Tourists and locals alike enjoy the range of upscale international restaurants in Aruba, including Papillon, a French food favorite, and La Trattoria el Faro Blanco, a hilltop Italian restaurant offering a 360-degree view of the island. Those seeking a more intimate meal enjoy seafood at sunset at Marina Pirata or Pinchos, 2 fine-dining spots floating on the water.
Guests visit Papiamento, a 175-year-old authentic Aruban manor house situated in lush tropical gardens, to tour the mansion and wine cellar before or after dinner. And those craving the “catch of the day” often stop by popular local eatery Zeerover for an Aruban Balashi beer and basket of fresh fish and traditional side dish, pan bati, an Aruban pancake.
Aruba’s Best Beach
Aruba’s Baby Beach features crystal-clear, calm waters and the best snorkeling on the island.
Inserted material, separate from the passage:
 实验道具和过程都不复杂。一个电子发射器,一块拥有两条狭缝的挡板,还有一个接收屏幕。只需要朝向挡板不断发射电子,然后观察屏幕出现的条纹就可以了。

The beach’s extensive coral reefs offer a kaleidoscope of coral and tropical fish, including parrotfish, blowfish and angelfish, as well as an impressive swimming cove.
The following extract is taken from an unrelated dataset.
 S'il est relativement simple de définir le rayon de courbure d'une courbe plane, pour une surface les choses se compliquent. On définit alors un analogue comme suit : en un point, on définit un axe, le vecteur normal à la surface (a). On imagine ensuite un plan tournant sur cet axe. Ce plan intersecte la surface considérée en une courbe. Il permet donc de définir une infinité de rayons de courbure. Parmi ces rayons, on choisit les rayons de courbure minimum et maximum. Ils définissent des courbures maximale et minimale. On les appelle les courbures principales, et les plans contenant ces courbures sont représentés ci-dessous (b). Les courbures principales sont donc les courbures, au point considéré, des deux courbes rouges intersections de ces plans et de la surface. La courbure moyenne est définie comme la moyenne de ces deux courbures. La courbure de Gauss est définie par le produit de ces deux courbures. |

Located in Seroe Colorado, about a 45-minute car ride from Aruba’s high-rise hotel area, Baby Beach is tucked away from tourist foot traffic. Due to the man-made lagoon’s shallow waters, the beach offers a safe swim for small children and gives swimmers the chance to wade a long distance out while still being able to touch the sea floor. Cap off your day with a delicious, open-air dining experience at Big Mama's restaurant.
Major carriers to Reina Beatrix International Airport from the United States and Canada include Delta, American Airlines, US Airways, Continental, JetBlue, AirTran, Spirit and Air Canada. Aruba is a direct flight away from more than 10 major US cities, making it a quick Caribbean escape.